# Virgin Queens



## russbee (Mar 6, 2007)

Thoughts on the marketing of virgin queens? Is there a possibly market?


----------



## Brent Bean (Jun 30, 2005)

I wouldn’t be interested, if I am going to pay for a queen plus shipping I want a proven egg layer. Also queen breeders are set up for better mating environment for the selected qualities that they are advertising .


----------



## Jim Fischer (Jan 5, 2001)

Virgins are not as popular among big operations as queen cells are,
as cells are easier to handle.

Of course, one is shooting craps when open-mating queens in 
some areas, as both drone density and weather can be 
serious problems.

...and don't even think about virgins or cells in AHB infested areas,
for obvious reasons.


----------



## nursebee (Sep 29, 2003)

No market. By the time I'd get her I'd have to coax her to mate. Have you ever tried that with a virgn?


----------



## russbee (Mar 6, 2007)

*Virgin Queen's*

 All great point's! thanks...


----------



## Michael Bush (Aug 2, 2002)

>Thoughts on the marketing of virgin queens? 

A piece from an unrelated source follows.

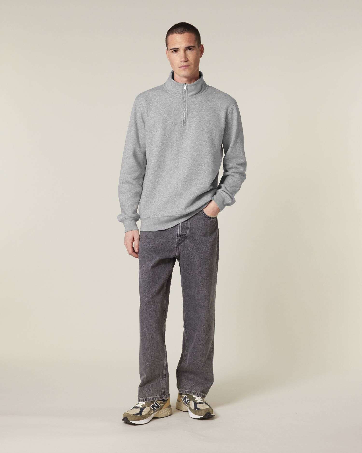 Maniche montateColletto mock in tessutoCerniera a un quarto sul davantiCostina 1x1 su polsini delle maniche e orlo inferioreCuciture a doppio ago su giromanica, polsini delle maniche e orlo inferioreNastro in spina di pesce interno al collo e all'interno della cernieraMezzaluna interna in tessuto
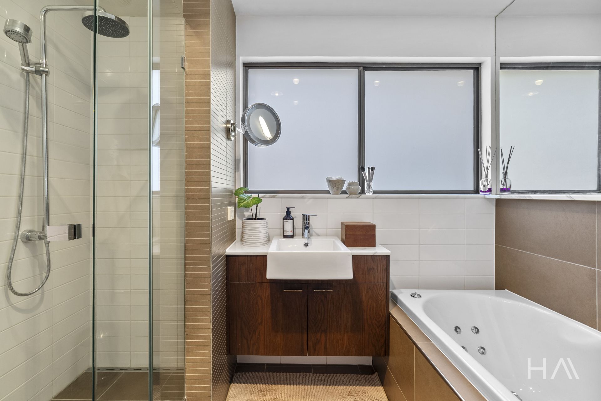 Accommodation spans two levels, with flexibility built in. The master suite is a retreat of its own - complete with a generous ensuite, dressing space, and sliding door access to a private courtyard where the gardens come alive year-round. Upstairs, one bedroom is currently enjoyed as an oversized walk-in robe, but could easily be returned to a traditional bedroom. Another bedroom with built-ins sits alongside, making the upper level perfect for family living. On the lower level, independence is assured with a private guest suite featuring its own ensuite, lounge, and walk-in robe.

The usefullness, in my opinion, would be to someone who want's to get local feral genetics but no time to go catch swarms. They could buy a feral survivor queen, which may not be from their specific area, but maybe from a similar climate and let it open mate with the local drones.

I have not tried to market them nor has anyone requested them.


----------



## adamf (Jan 28, 2006)

We'll get virgins when we insemiante. Virgins survive much better throug hthe mails with attendants. Have had them sent in battery boxes solo and with attendants.

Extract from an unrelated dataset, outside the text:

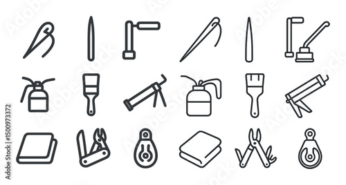 tool, repair, hardware store, line, vector, set, outline, silhouette, design, collection, drawing, construction, equipment, artwork, graphic, carpenter's shop, craft, household goods, handyman, technical drawing, fix, enhancement

They are 1/4 to half price of mated queen depending on who makes them for us.


----------



## mwjohnson (Nov 19, 2004)

I thought I read somewhere that a virgin queen,which is more than old enough that she should have mated already,are really hard to introduce.

True or false?

IF true,how long exactly is "old enough to have mated already be" would you say?


----------



## peggjam (Mar 4, 2005)

mwjohnson said:


> I thought I read somewhere that a virgin queen,which is more than old enough that she should have mated already,are really hard to introduce.
> 
> True or false?
> 
> IF true,how long exactly is "old enough to have mated already be" would you say?


Two weeks is the upper limit on a virgin getting mated successfully.


----------



## beemandan (Dec 5, 2005)

In my limited experience, virgin queens aren't accepted nearly as well as mated queens. If you wanted local drone genetics then cells are the way to go. Again, in my limited experience, queens that emerge in a colony are readily accepted. 

For all the reasons mentioned by earlier posters as well as the issue of acceptance, I wouldn't consider buying virgin queens but have and will again buy cells.


----------



## mwjohnson (Nov 19, 2004)

thanks,
I have a problem communicating,according to my wife..

What I am trying to ask is;

I thought...that a virgin typically takes her mating flight at 3-5 days old. T or F?

I also thought that a virgin older than that is supposed to be difficult to introduce. T or F ?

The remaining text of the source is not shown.